Member of the Pennsylvania House of Representatives from the 46th district
- In office January 2, 2007 – January 6, 2015
- Preceded by: Victor John Lescovitz
- Succeeded by: Jason Ortitay

Personal details
- Born: June 24, 1978 (age 48) Washington, Pennsylvania
- Party: Democratic
- Spouse: Eileen (married 2012)
- Children: Atticus (2014) and Augustus (2015)
- Alma mater: Washington & Jefferson College (BA) Duquesne University School of Law (JD)
- Occupation: Owner, Perpetual Fortitude Political Consulting

= Jesse J. White =

American politician (born 1978)

Jesse J. White (born June 24, 1978) is a former attorney and former Democratic member of the Pennsylvania House of Representatives, representing the 46th District since 2007. His district included portions of Washington, Allegheny and Beaver Counties.

A native of Washington County, Pennsylvania, White graduated from Washington & Jefferson College in Washington, Pennsylvania with a degree in political science. He was a member of the Delta Tau Delta fraternity. After college, White earned a J.D. degree from Duquesne University School of Law in Pittsburgh. He worked in private practice for a law firm in Uniontown, Pennsylvania and for the United Steelworkers of America in Pittsburgh.

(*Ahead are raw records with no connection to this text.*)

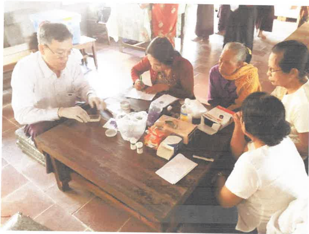
ရန်ကုန်မြို့၊ သန်လျင်မြို့နယ်၊ သဘာဝတရားရိပ်သာ ကွင်းဆင်းဆေးကုသမှုမှတ်တမ်း (၈.၁၂.၂၀၁၃)
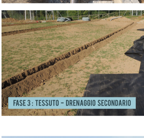
FASE 3: TESSUTO - DRENAGGIO SECONDARIO
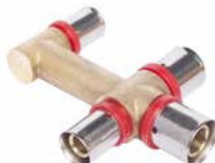
CROIX · CROSS · CRUZ · CRUZ
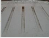
Porte de malle AR G, Bosse(s), LI - Réparer et peindre (complet)
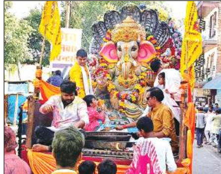
हमीरपुर में धूमधाम से निकली विसर्जन यात्रा।

व बेतवा नदी का खतरे का निशान 104.54 मीटर है। यमुना खतरे के निशान से 2 मीटर व बेतवा नदी 3.48 मीटर पर बह रही है।
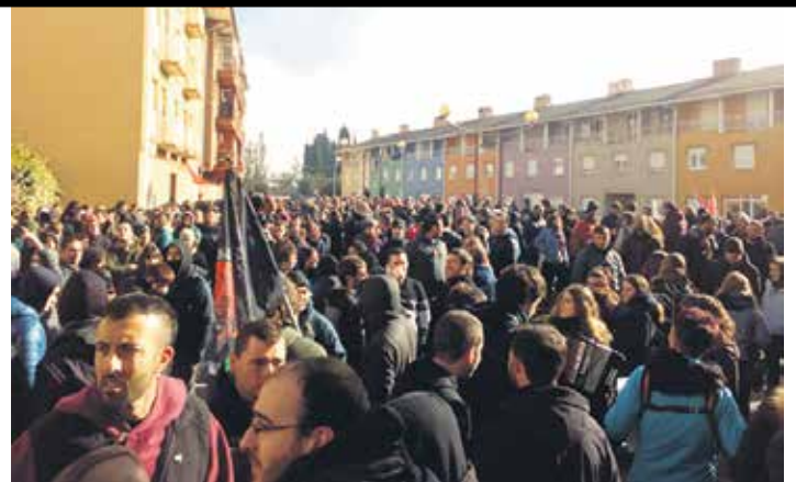
Altsasu antifaxistak deituta lehenik Amandrea plazara joan ziren.

White was appointed in 2003 to the Board of Supervisors in Cecil Township, Pennsylvania. He made a run at the State House in 2004 in the Democratic primary election against 26-year incumbent Victor John Lescovitz. Lescovitz defeated White with 55% of the vote. After his defeat in the primary, White successfully ran for Auditor of Cecil Township in 2005.

In 2006, Lescovitz decided to retire from the House, creating an open seat. White ran again in the 2006 Democratic primary, facing off with Paul Walsh, a local attorney. With the fallout of the legislative pay raise lingering, White aligned with reform activist group PACleanSweep in the election. He defeated Walsh in the primary taking close to 54%. White went on to prevail in the general election by a similar margin over Republican Paul Snatchko.

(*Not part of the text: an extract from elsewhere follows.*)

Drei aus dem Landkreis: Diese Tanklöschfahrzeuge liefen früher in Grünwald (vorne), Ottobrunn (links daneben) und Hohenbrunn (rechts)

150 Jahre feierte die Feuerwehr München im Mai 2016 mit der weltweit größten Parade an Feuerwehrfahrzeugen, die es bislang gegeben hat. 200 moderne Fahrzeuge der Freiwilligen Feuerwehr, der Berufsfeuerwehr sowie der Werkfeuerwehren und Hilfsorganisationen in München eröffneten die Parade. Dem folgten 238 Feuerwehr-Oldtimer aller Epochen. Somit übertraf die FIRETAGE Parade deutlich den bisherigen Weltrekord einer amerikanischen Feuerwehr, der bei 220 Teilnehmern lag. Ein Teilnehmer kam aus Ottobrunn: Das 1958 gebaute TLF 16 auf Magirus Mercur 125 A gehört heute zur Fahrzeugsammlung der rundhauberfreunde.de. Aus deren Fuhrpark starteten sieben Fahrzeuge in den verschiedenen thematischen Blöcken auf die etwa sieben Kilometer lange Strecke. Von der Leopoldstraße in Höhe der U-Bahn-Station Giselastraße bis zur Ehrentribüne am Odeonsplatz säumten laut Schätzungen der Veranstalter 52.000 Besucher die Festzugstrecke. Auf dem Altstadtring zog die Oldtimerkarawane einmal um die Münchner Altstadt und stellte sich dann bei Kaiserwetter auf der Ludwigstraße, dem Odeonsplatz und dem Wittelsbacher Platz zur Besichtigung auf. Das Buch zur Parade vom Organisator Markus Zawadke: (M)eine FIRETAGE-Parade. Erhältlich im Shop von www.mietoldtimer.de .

White was re-elected in contested races in 2008 and 2010. In 2012, he was listed as both the Democratic and Republican nominee after securing the Republican nomination as a write-in candidate. A group of Republicans, including White's 2010 opponent Greg DeLuca, endorsed White based largely on his position on Marcellus Shale natural gas drilling. White has been a proponent of responsible, accountable drilling of Marcellus Shale, but has also been a critic of the Pennsylvania Department of Environmental Protection's withholding of data from air and water quality testing conducted near drilling sites. White also led the charge to overturn the portions of Act 13 which would have eliminated local control over certain aspects of drilling operations.

In 2013, White admitted making anonymous and fictitious online posts which attacked certain constituents who support shale-gas drilling. White originally denied the allegations, then later apologized.

==Post-legislative life==

Jesse White lost the 2014 Election to his opponent, Jason Ortitay. On June 26, 2017, White was disbarred in Pennsylvania. In 2019, White and his family relocated to Cumberland County, Pennsylvania, to run his own political consulting firm, Perpetual Fortitude.

The United States Attorney’s Office for the Middle District of Pennsylvania announced on July 22, 2026 that it had charged White with receipt and possession of child pornography.